While the university considered the violations to be secondary in nature, the committee concluded the violations were major. Even though the student-athlete’s relationship with the faculty member was not based on athletics and the faculty member had a history of being generous with others, those facts were mitigating factors related only to possible penalties, the committee said.

The committee added that it took into account mitigating factors when considering penalties in the case.

"The violations were in the context of a relationship conceived out of a concern for the well-being of a student-athlete, and the faculty member who provided the extra benefits did not have an athletics motivation in her actions," the committee wrote in its report.
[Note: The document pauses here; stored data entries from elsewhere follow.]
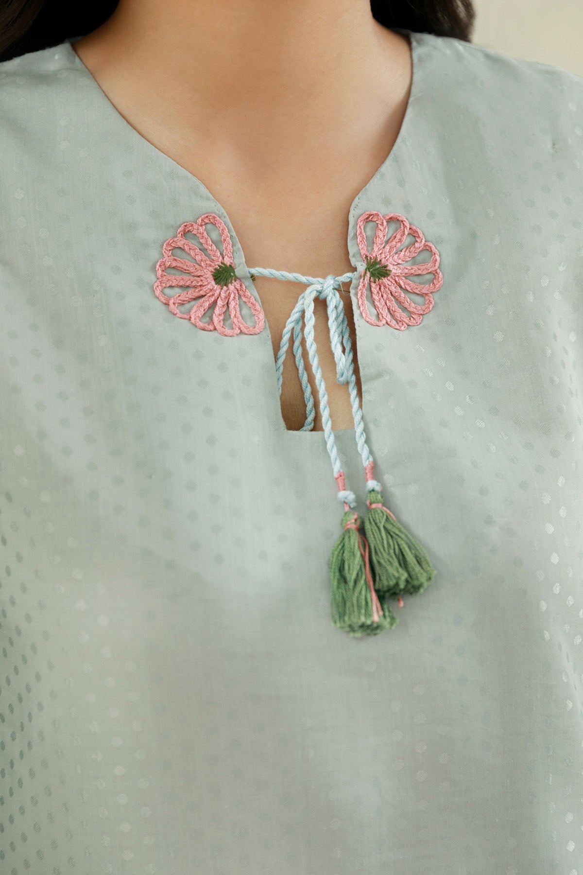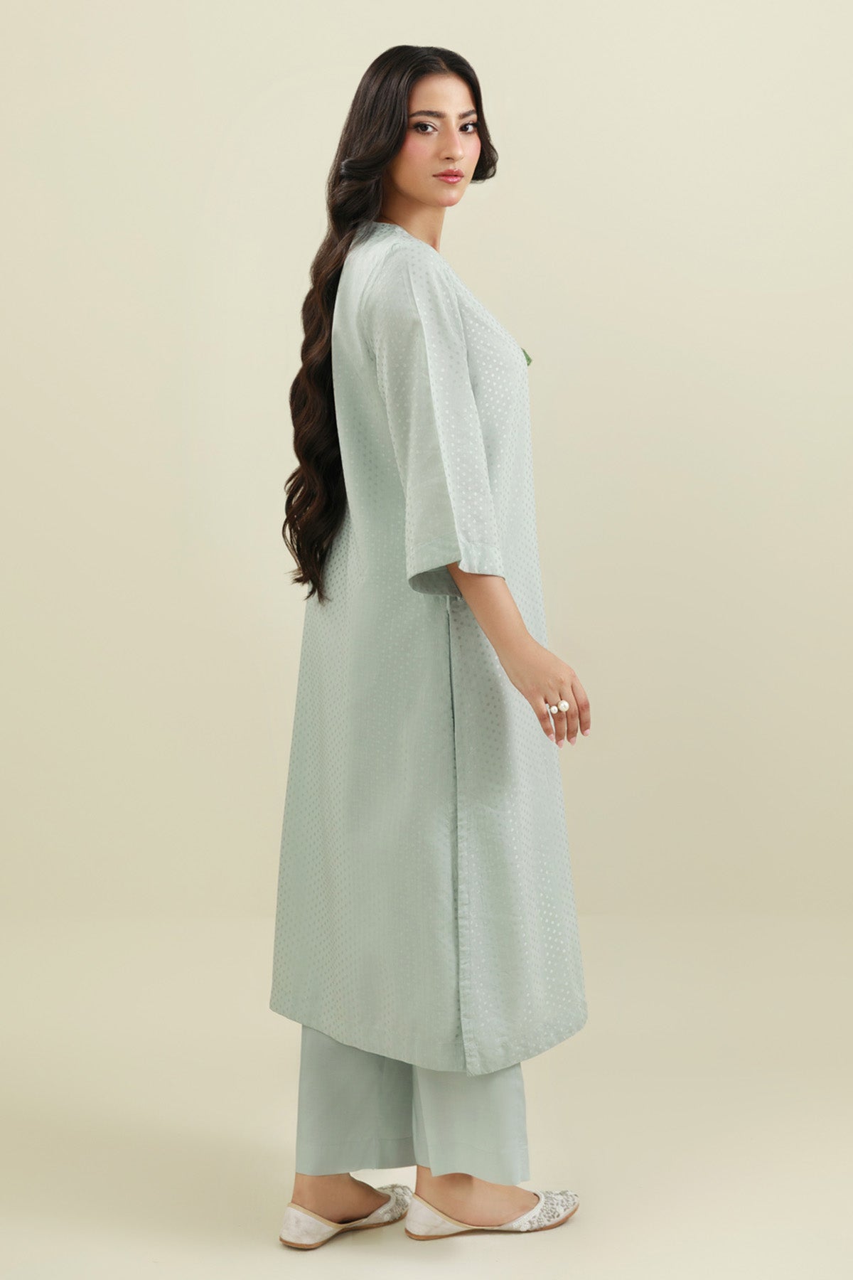 Round Neckline With Slit, Embellishment At Front, Quarter Sleeves, Long Shirt
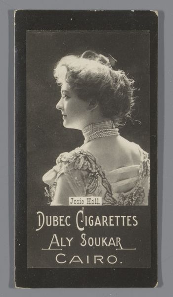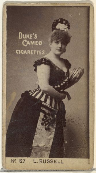 Editor: Here we have "Card Number 97, Rose Coghlan" from the Actors and Actresses series, created in the 1880s by W. Duke, Sons & Co. as a promotional item for Cameo Cigarettes. The piece, now at the Metropolitan Museum of Art, is rendered using photography and printmaking techniques. It’s intriguing how a portrait becomes an advertisement! What do you see in this piece that stands out to you? Curator: The card whispers of celebrity culture in its nascent form, doesn’t it? Note how Rose Coghlan is presented. She’s in costume, poised. These aren't snapshots; they’re carefully constructed images designed to convey a particular persona. What emotional qualities does this evoke for you? Consider what Rose Coghlan might symbolize in the broader cultural landscape of the late 19th century. Editor: I hadn’t thought of it as an early form of branding. It feels almost like a relic now, preserving an actress's image through… cigarettes? There's an odd dissonance there. Do you think this portrait tried to say something about female stage actors in particular? Curator: Precisely! Look at her gaze, slightly averted, perhaps a touch demure, yet confident. Her attire, while ornate, doesn’t scream overt sexuality, does it? Consider how women, especially actresses, were perceived then, caught between societal expectations and the allure of the stage. Her bracelets and necklace also serve as signifiers of wealth and elevated status. This card becomes a cultural artifact, a snapshot – quite literally – of evolving ideas around fame, gender, and commerce. It reveals how cultural memory perpetuates. What have you taken away from considering the work within its cultural context? Editor: The layers are much richer than I initially thought. Seeing it as a document of societal values rather than a simple portrait adds so much depth. Curator: Indeed. Symbols often outlive their original intent, inviting new layers of interpretation.
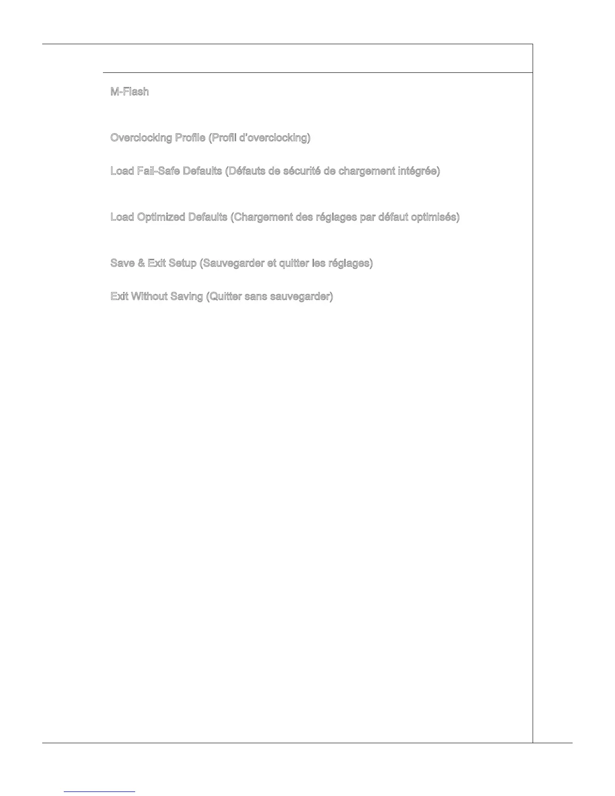 Utlsez ce menu pour charger les valeurs par défaut réglées par le fabrcant de la carte
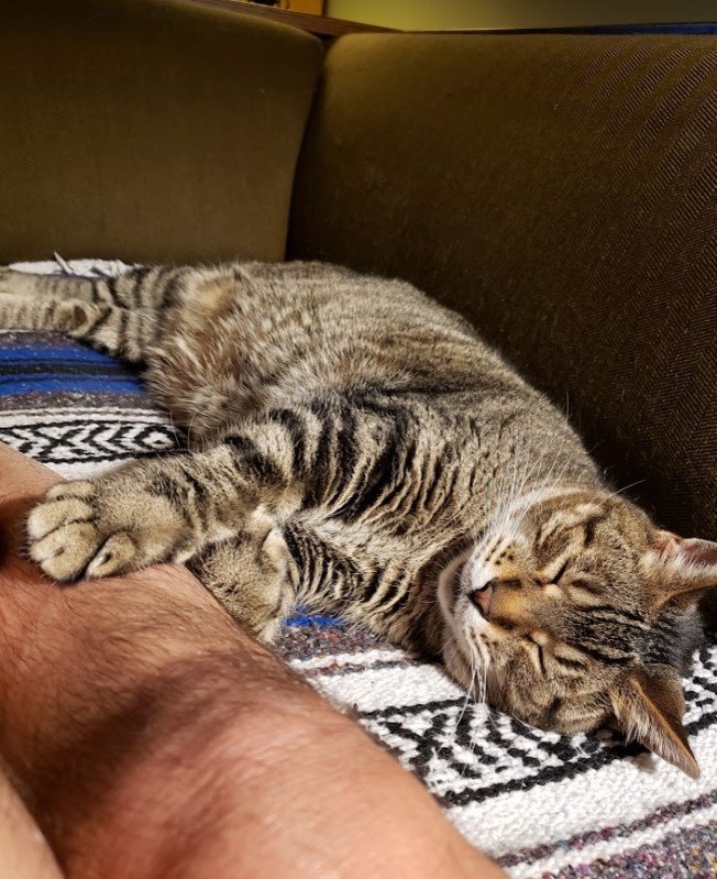 My cat is not what you would call neurotypical. He will abide physical contact only in very particular ways. Sitting in my lap is out of the question. This is what he considers “cuddly.”
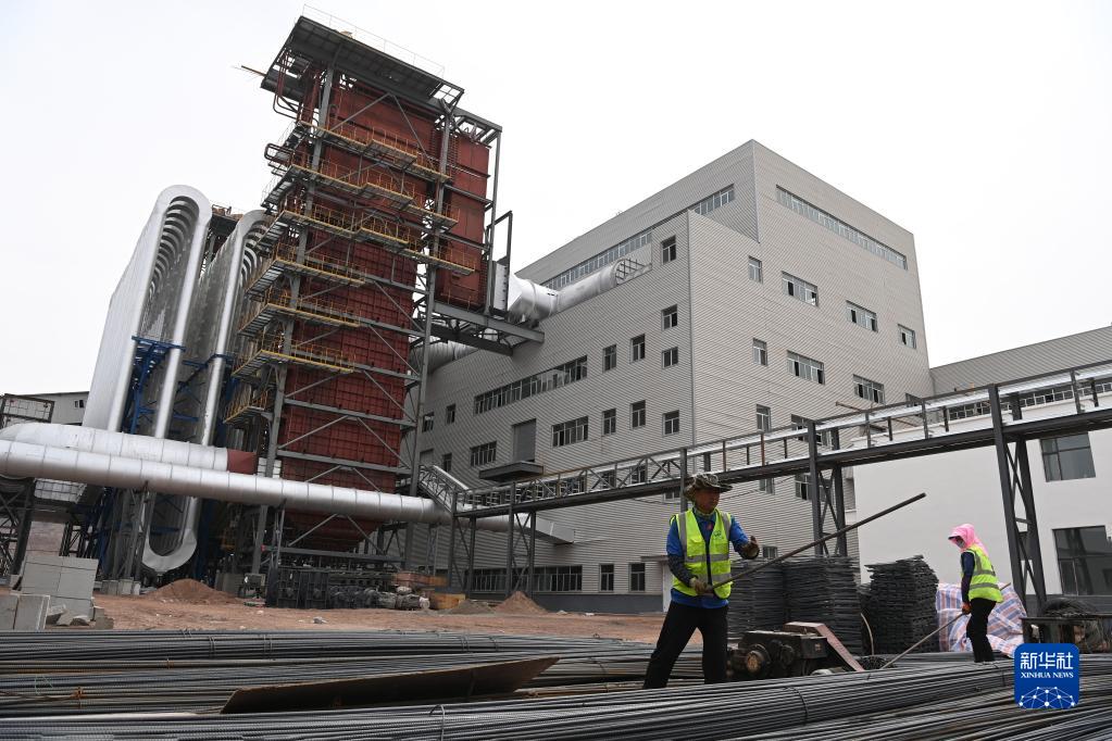 4月13日,工人在位于張掖市甘州區的20萬(wàn)噸硅系新材料綜合利用項目建設現場(chǎng)施工。
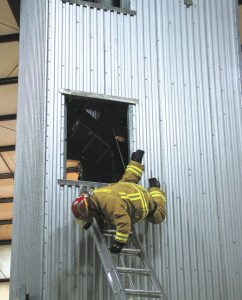 SIDEWINDER — Union City firefighter William Jackson twisted around to right himself on a ladder after coming out of a window head first Thursday during emergency egress bailout training hosted by the Union City Fire Department. The training was done with the aid of a portable tower and personnel from the Tennessee Fire Service and Codes Enforcement Academy (TFACA), giving the department tower training credit for its ISO rating, which reflects preparedness. With bad weather in the forecast, all three UCFD shifts trained at an indoor facility courtesy of Nutrien. At week’s end, firefighters from several departments around Obion County also did the training. The three-story portable tower has been in use about five years and this was its first use locally.
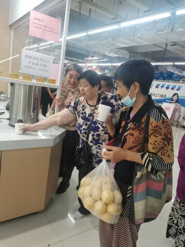 随着大暑节气的来临,高温天气持续肆虐,给市民的日常生活带来了诸多不便。在此酷热之际,朝阳农贸市场展现出浓浓的人文关怀,市场积极组织三楼锡城缘快餐店老板开展便民服务,为无锡市民送上一份夏日清凉。 每天上午9点30分开始,三楼锡城缘快餐店门口便排起了有序的队伍,工作人员热情地为前来市场购物的老百姓免费发放酸梅汤。一杯杯酸甜可口的酸梅汤,不仅驱散了夏日的燥热,更让市民们感受到了朝阳农贸市场的爱意与关怀。 此次免费发放酸梅汤的活动,是朝阳农贸市场践行便民服务理念的生动体现。市场未来还将根据季节变化和市民需求,推出更多贴心服务。朝阳农贸市场用实际行动诠释着责任与担当,让每一位走进朝阳农贸市场的市民都能感受到家一般的温暖。

The Committee on Infractions has imposed the following penalties in the case:

  • One year of probation for the university beginning August 2, 2006. The committee said in its report that the standard minimum period of probation in major infractions cases is two years. The committee concluded that there was sufficient cause based on the facts of the case to impose just one year of probation.
  • The committee adopted the university’s penalty of banning the faculty member from serving as a mentor for student-athletes for two years; banning her from attending women’s basketball games at Northern Illinois for two years; and sending her a letter of reprimand from the director of athletics.
  • The committee adopted the university’s penalty of issuing a letter of reprimand to the former assistant director of athletics; requiring the former assistant director to undergo extensive NCAA rules education before the 2004-05 academic year; and recommended attendance at the 2005 NCAA Regional Seminar for Rules Education.
  • The committee adopted the university’s penalty of issuing a letter of admonishment to a former assistant women’s basketball coach for not reporting knowing about the impermissible housing provided to the student-athlete.

Members of the Division I Committee on Infractions who heard this case were Gene A. Marsh, professor of law, University of Alabama, Tuscaloosa, and chair of the committee; Paul T. Dee, director of athletics, University of Miami (Florida); Andrea L. Myers, director of athletics emeritus, Indiana State University; James Park, Jr., attorney, Frost, Brown Todd LLC; Josephine R. Potuto, professor of law, University of Nebraska, Lincoln; and Thomas E. Yeager, commissioner, Colonial Athletic Association.